Our clients often come to us with mounds of research that their teams have conducted. Some of it is useful and some of it is not. If you are using existing research to base your understanding of your patient or doctor on, make sure the research is recent, segmented, and developed with external input. It is important to map out the assumptions you make about the target audience, and split the I know from the I think. Build on the existing research, and dig deeper into the behavior within your specific scope.

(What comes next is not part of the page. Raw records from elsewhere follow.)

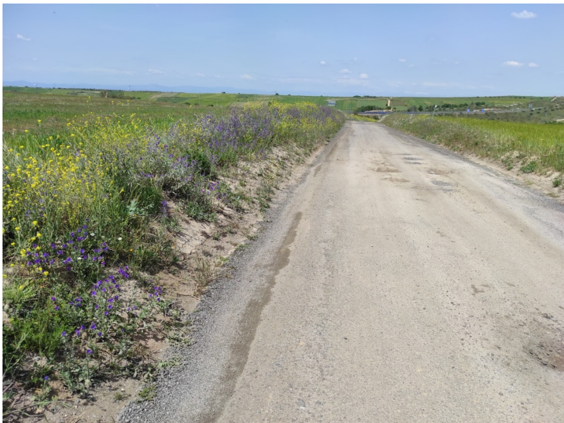
Camino de acceso al apoyo T-066

Este documento es copia original firmado. Se han ocultado datos personales en aplicación de la normativa vigente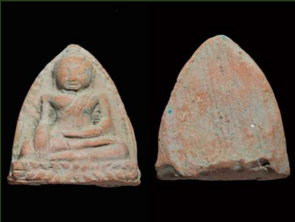
พระหลวงพ่อโต กรุวัดใหญ่ชัยมงคล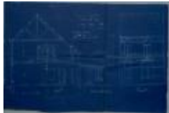
Luyckx-Gijsbrechts P., Nieuwstad - Selderbosch, bouwen woning, 3/4/1909 (BOUW#1909/4457)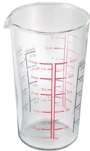
メジャーカップ 500 CMJ-500

C/T24 530300 幅 86・奥 81・高 87 口径 81 実用容量 200ml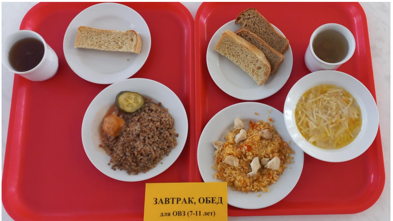
ЗАВТРАК, ОБЕД для ОВЗ (7-11 лет)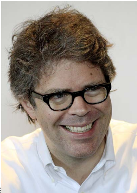
CONTROVERTIT. L'escriptor d'Illinois Jonathan Franzen, un dels novel·listes que més debat i passions confrontades genera en aquest inici del segle XXI. L'aparició de Purity ha tornat a revifar la controvèrsia. En la fotografia, Franzen, l'any 2013.

E n essència, la dialèctica al voltant del voltatge literari de Jonathan Franzen (Western Springs, Illinois, 1959), de la seua autèntica mida, té a veure amb la suada controvèrsia que generen els personatges de la cultura amb predicament crític i vendes de best-seller dignes del mainstream literari. Aquesta confluència pot generar, d'una banda, hiperbòlics corrents d'adhesió com el que va fer que la revista Time posara Franzen en la seua cobdiciada portada amb la grandiloqüent consideració de "gran novel·lista americà".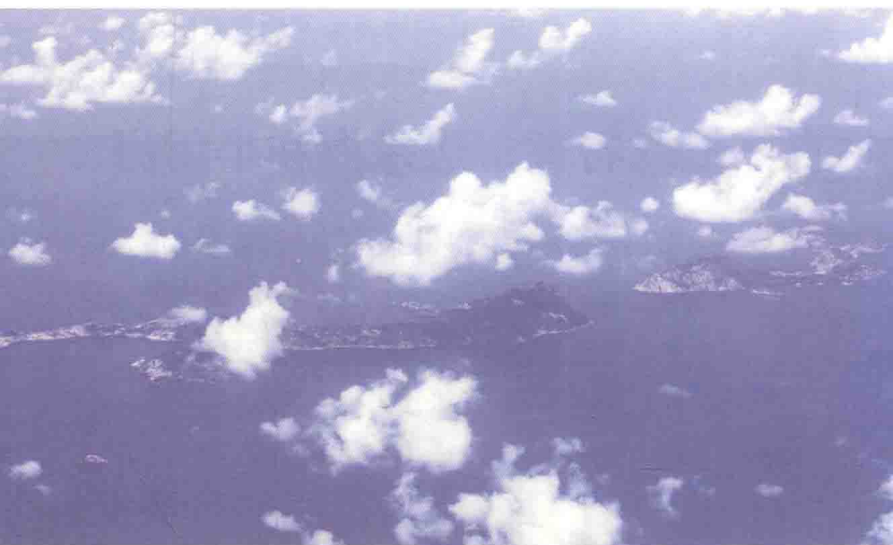
从空中俯瞰美丽的南海

侧通过马六甲海峡连接印度洋。南海北部连接的是中国领土广东、广西、海南、福建和台湾；东北端从广东省南澳到粤闽交界处，延至台湾岛南端一线与东海分界；东部和东南部邻近菲律宾群岛；南部则是马来西亚和文莱，包括加里曼丹岛等；西部和西南部邻接越南和马来半岛。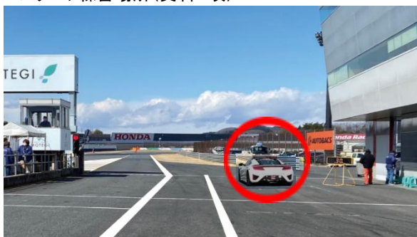
③ スタート練習場所 (資料2項)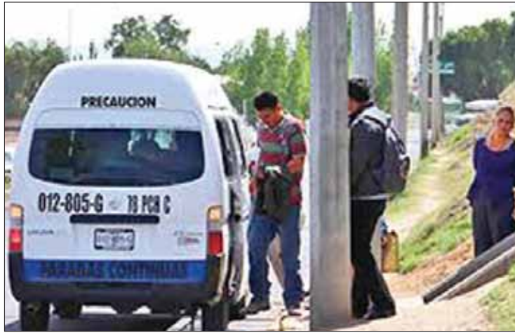
ADemás. Intensificará vigilancia para evitar los abusos.

El objetivo es verificar que los trabajadores del servicio público

Converging can be a scary process, but is crucial in defining the specific decisions on a patient journey that your business should prioritize. Your research should bring you to key points of decisions for the patient, where you can dive deeper into the biases and context of that decision. Granularity is more important in behavioral design as the act of influencing behavior comes down to designing an intervention that attempts to tackle the root cause of a bad, incorrect or unhealthy decision. You cannot address this for an entire section of a patient journey or general pain for a persona.

By mapping, analysing, and understanding the drivers behind human behavior, you’ll be able to fully adapt your way of working and your services to meet customers’ needs. While at the same time increasing the impact of your business solutions and positively influencing the health of the population you’re invested in. Whatever your specific business challenge might be, behavioral design methods are the solution to bringing value to your customers – and your business.